I am using icc 188.8.131.52, Build 20141023 for the Intel Xeon Phi. Using the OpenMP task construct in my application, I construct a binary tree and perform a substantial amount of computations for each node. More specifically, after a node is processed, it creates two children. The children are created as new tasks and the same computations are performed on the children. However, the tree is not very deep and only a relatively small number of tasks are running at any point in time (up to around 15).
In order to take advantage of the large number of cores on the Xeon Phi, I thought to parallelize using "#pragma omp parallel" and "#pragma omp for" the loops that consist the main computational workload within each task. Although I am getting the correct results, the execution time did not improve at all. I think that this is not an issue of creating too many threads in my program, since I try to restrict the total number of running threads. For example, I timed the processing of the root node (hence only 1 task is running at that point and all cores are available for the parallelization of the loops) with and without parallelization of the loops and I get the exact same processing time.
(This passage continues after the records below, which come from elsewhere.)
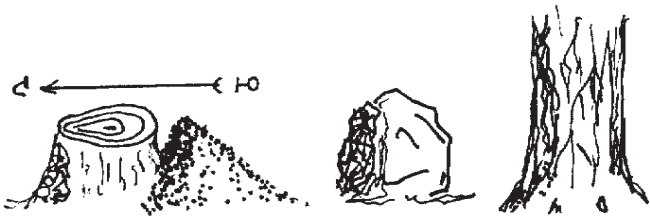
Ориентирование по предметам

у сосны) видна мокрая темная полоса, которая с северной стороны поднимается выше на 1–2 м. И вторичная кора у сосны, та, которая потрескалась, с севера также поднимается выше по стволу. В жаркую погоду у смолистых деревьев, таких, как ель и сосна, больше смолы выделяется с южной стороны. А у берез с южной стороны кора светлее и эластичней. Ветви у деревьев гуще растут с юга. Впрочем, часто случается, что ветви гуще расположены там, где больше свободного места. Опять же, сила ветра, особенно на побережьях, может заставить крону дерева тянуться в любую другую сторону.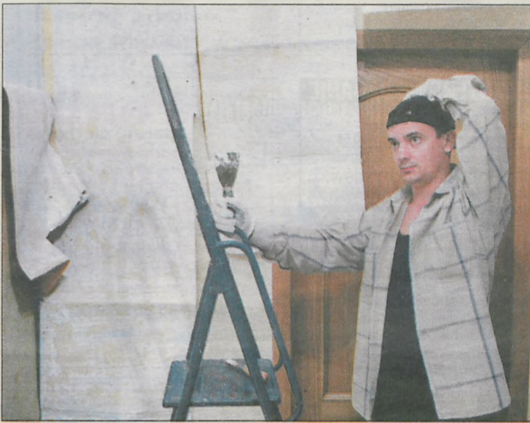
Pozornie to zadanie trudne, ale sprawny majsterkowicz na pewno sobie z nim poradzi

Nie polecamy przyklejania nowej tapety na starą, ponieważ nie możemy do końca być pewni, jak zachowa się stara tapeta pod wpływem kleju i obciążenia jej nową powłoką. Pomysł, aby starą ta-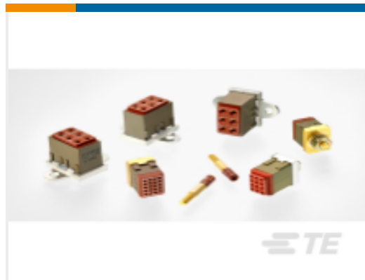
TE 产品编号CTJ722E01C-7067 MODULE ASSY

I also verified that 228 are requested by the program for this case.
It is my understanding that the OpenMP specification leaves the implementation of nested parallelism to the discretion of the implementer. Might it be the case that I don't see any performance improvement due to the fact that the Intel compiler does not support nested parallelism in this fashion (tasks and parallel loops within each task)? How could I check what is going on?
Thank you in advance,
Ioannis E. Venetis
Sometimes the mind gets stuck in the difficult parts and misses the obvious answers.
I am getting a segmentation fault now, but this is obviously some error in my parallel implementation.
Ioannis E. Venetis